◆ Task description:
Because the entries hold pictures, reproduce only their words, exactly as written.
[[ Given data open ]]
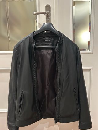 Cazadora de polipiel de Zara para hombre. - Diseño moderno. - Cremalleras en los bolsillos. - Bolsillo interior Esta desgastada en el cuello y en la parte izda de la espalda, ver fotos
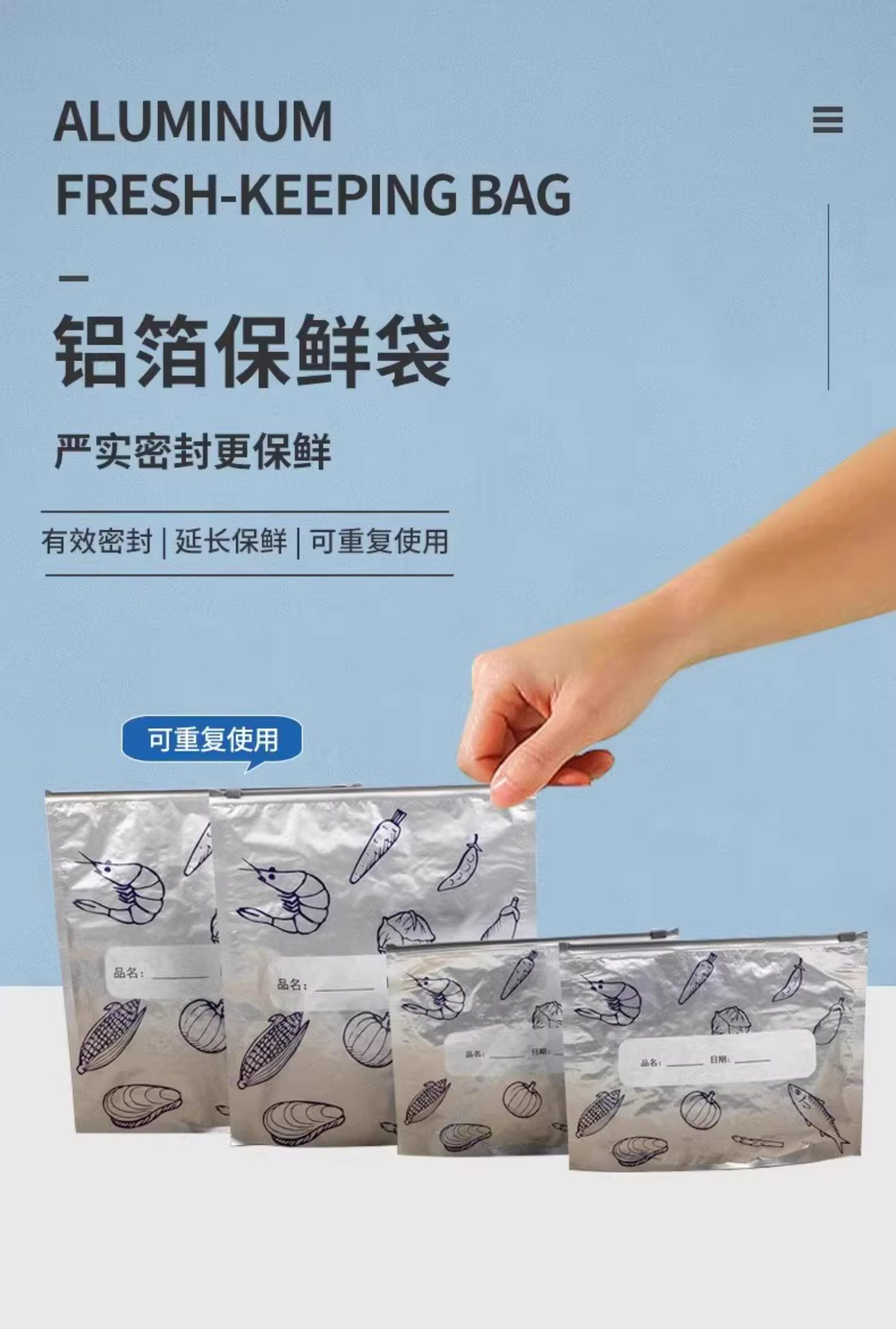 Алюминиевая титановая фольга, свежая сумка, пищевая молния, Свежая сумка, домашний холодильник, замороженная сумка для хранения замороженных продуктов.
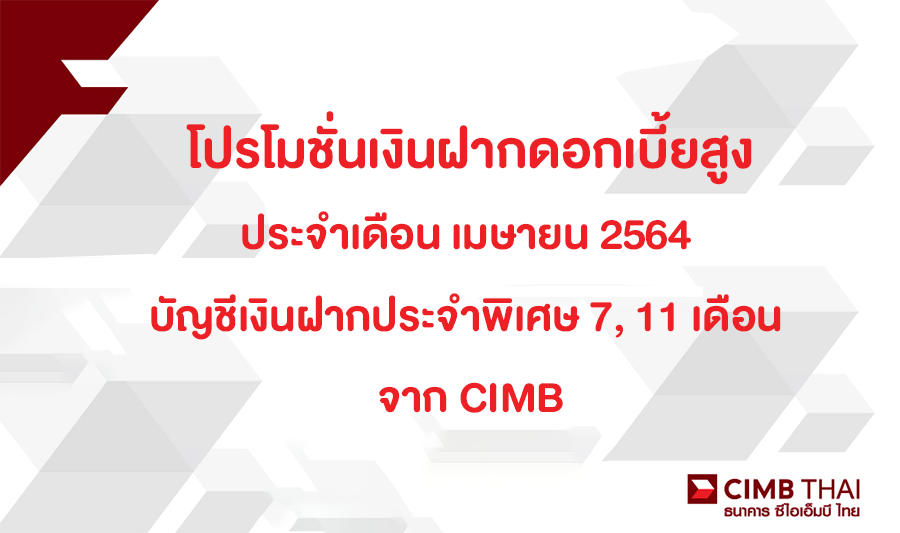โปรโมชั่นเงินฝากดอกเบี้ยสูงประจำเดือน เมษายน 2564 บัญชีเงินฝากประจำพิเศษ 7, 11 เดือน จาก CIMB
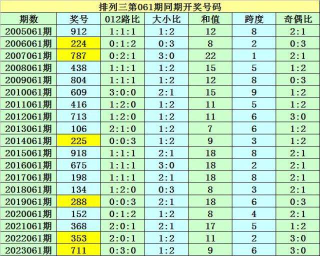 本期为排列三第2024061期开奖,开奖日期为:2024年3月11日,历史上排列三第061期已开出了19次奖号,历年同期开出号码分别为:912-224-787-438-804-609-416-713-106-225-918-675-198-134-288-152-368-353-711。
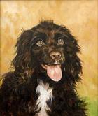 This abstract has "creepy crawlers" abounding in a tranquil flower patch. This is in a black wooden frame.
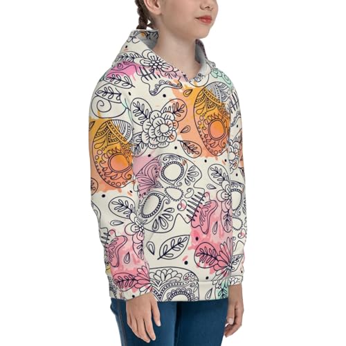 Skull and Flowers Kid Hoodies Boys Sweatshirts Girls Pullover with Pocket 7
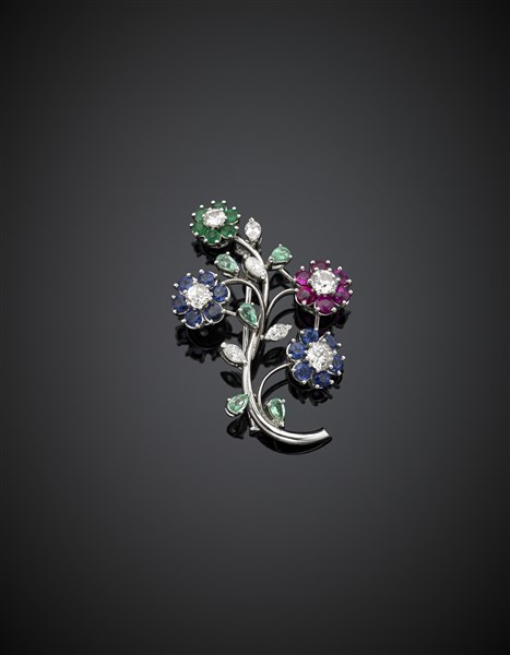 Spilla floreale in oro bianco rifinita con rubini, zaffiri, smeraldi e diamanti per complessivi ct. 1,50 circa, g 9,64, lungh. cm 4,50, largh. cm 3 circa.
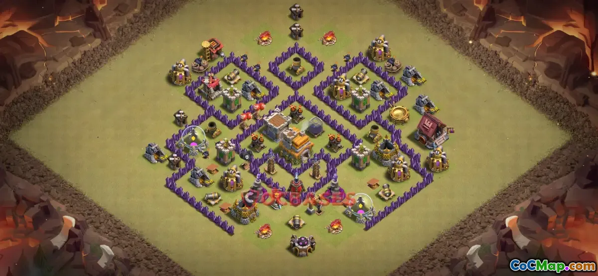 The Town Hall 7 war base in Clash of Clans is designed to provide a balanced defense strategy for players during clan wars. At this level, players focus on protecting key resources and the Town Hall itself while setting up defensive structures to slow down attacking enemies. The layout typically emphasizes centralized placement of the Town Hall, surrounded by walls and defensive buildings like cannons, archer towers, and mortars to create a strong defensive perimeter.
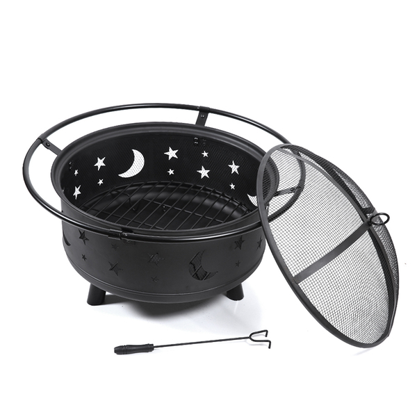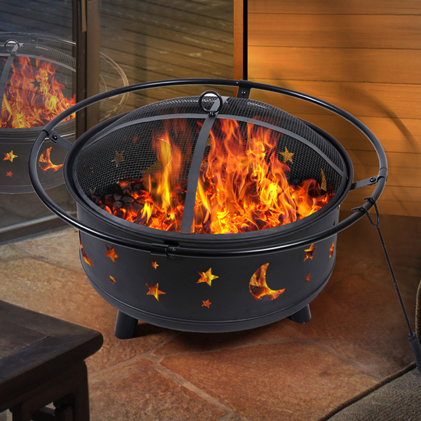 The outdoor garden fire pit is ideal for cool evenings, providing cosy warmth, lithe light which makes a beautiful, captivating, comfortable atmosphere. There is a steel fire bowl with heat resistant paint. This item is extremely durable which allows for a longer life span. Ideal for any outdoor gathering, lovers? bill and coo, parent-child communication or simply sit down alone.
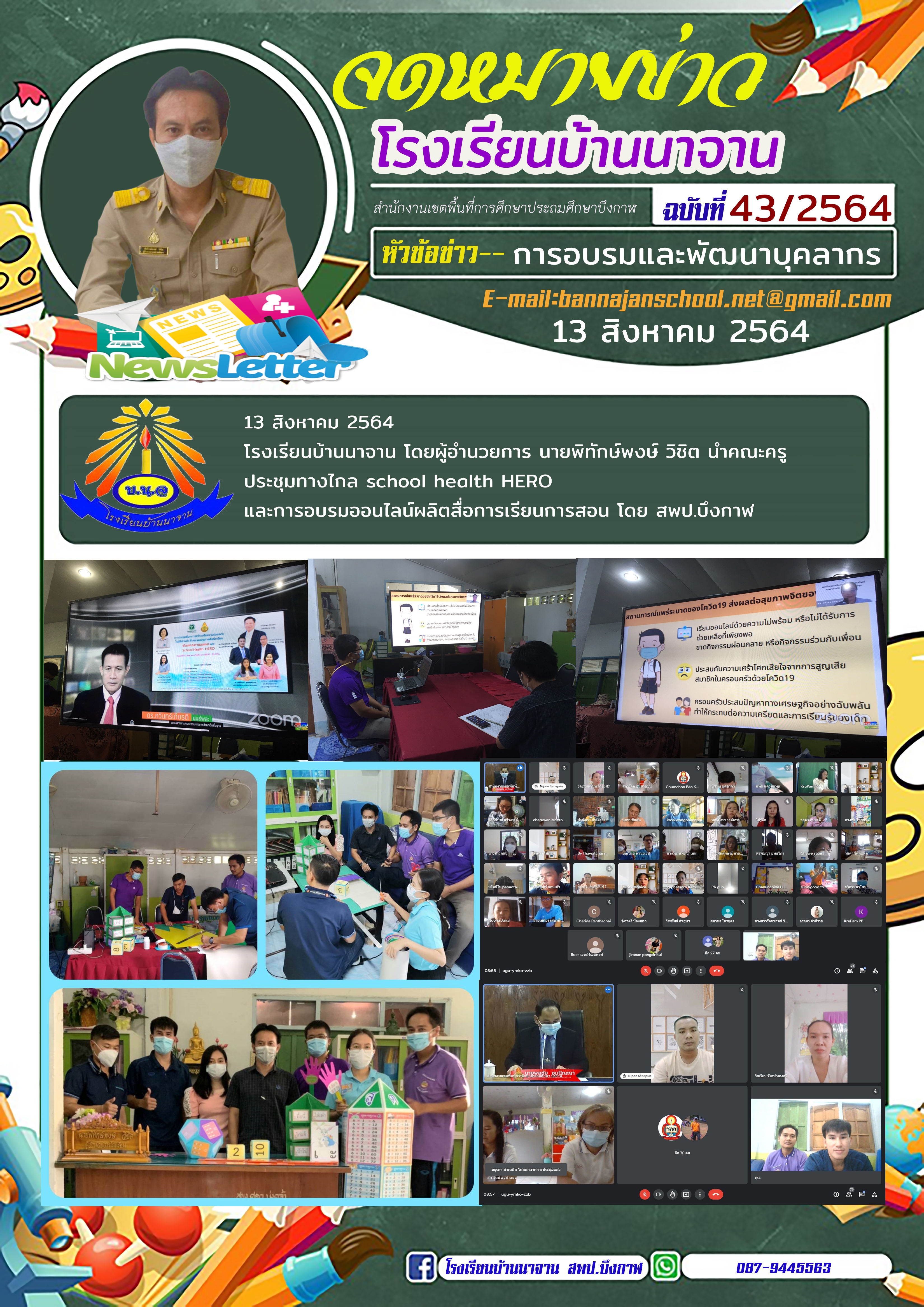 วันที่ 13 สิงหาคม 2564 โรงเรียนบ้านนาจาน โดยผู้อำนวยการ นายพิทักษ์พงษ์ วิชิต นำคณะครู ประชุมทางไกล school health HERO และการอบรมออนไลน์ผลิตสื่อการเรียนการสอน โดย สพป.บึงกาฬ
[[ Given data closed ]]
◆ Response to the exercise:
 Cazadora de polipiel de Zara para hombre. - Diseño moderno. - Cremalleras en los bolsillos. - Bolsillo interior Esta desgastada en el cuello y en la parte izda de la espalda, ver fotos
 Алюминиевая титановая фольга, свежая сумка, пищевая молния, Свежая сумка, домашний холодильник, замороженная сумка для хранения замороженных продуктов.
โปรโมชั่นเงินฝากดอกเบี้ยสูงประจำเดือน เมษายน 2564 บัญชีเงินฝากประจำพิเศษ 7, 11 เดือน จาก CIMB
 本期为排列三第2024061期开奖,开奖日期为:2024年3月11日,历史上排列三第061期已开出了19次奖号,历年同期开出号码分别为:912-224-787-438-804-609-416-713-106-225-918-675-198-134-288-152-368-353-711。
 This abstract has "creepy crawlers" abounding in a tranquil flower patch. This is in a black wooden frame.
 Skull and Flowers Kid Hoodies Boys Sweatshirts Girls Pullover with Pocket 7
 Spilla floreale in oro bianco rifinita con rubini, zaffiri, smeraldi e diamanti per complessivi ct. 1,50 circa, g 9,64, lungh. cm 4,50, largh. cm 3 circa.
 The Town Hall 7 war base in Clash of Clans is designed to provide a balanced defense strategy for players during clan wars. At this level, players focus on protecting key resources and the Town Hall itself while setting up defensive structures to slow down attacking enemies. The layout typically emphasizes centralized placement of the Town Hall, surrounded by walls and defensive buildings like cannons, archer towers, and mortars to create a strong defensive perimeter.
 The outdoor garden fire pit is ideal for cool evenings, providing cosy warmth, lithe light which makes a beautiful, captivating, comfortable atmosphere. There is a steel fire bowl with heat resistant paint. This item is extremely durable which allows for a longer life span. Ideal for any outdoor gathering, lovers? bill and coo, parent-child communication or simply sit down alone.
 วันที่ 13 สิงหาคม 2564 โรงเรียนบ้านนาจาน โดยผู้อำนวยการ นายพิทักษ์พงษ์ วิชิต นำคณะครู ประชุมทางไกล school health HERO และการอบรมออนไลน์ผลิตสื่อการเรียนการสอน โดย สพป.บึงกาฬ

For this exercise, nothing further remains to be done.